Data records Start Marker

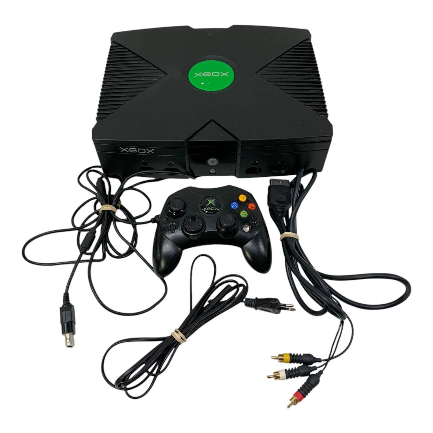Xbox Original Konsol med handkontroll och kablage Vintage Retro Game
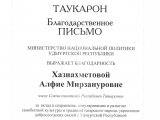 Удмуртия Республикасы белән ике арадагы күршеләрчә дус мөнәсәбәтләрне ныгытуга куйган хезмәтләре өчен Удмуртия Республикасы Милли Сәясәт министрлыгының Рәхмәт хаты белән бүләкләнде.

Data records End Marker
Data records Start Marker

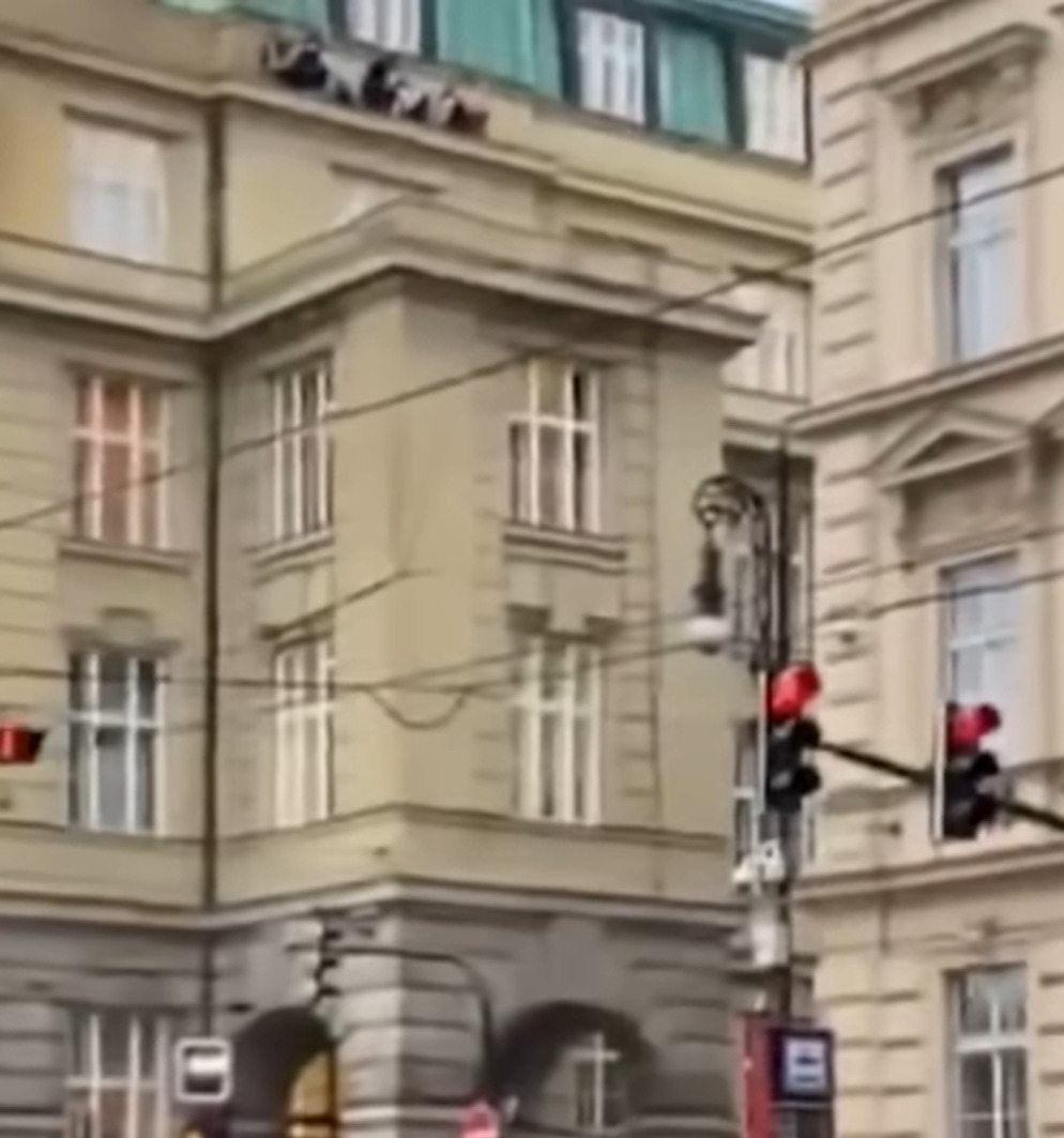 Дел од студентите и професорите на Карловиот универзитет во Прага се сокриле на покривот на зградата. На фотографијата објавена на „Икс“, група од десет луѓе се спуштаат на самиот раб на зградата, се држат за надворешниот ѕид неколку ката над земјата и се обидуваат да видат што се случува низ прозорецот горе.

Data records End Marker

_Exercise aim_. Everything above from the line with "Xbox Original Konsol" through the line with "Удмуртия Республикасы белән" should be retyped exactly, and nothing else; omit pictures.

_Solution for this exercise_.
Xbox Original Konsol med handkontroll och kablage Vintage Retro Game
 Удмуртия Республикасы белән ике арадагы күршеләрчә дус мөнәсәбәтләрне ныгытуга куйган хезмәтләре өчен Удмуртия Республикасы Милли Сәясәт министрлыгының Рәхмәт хаты белән бүләкләнде.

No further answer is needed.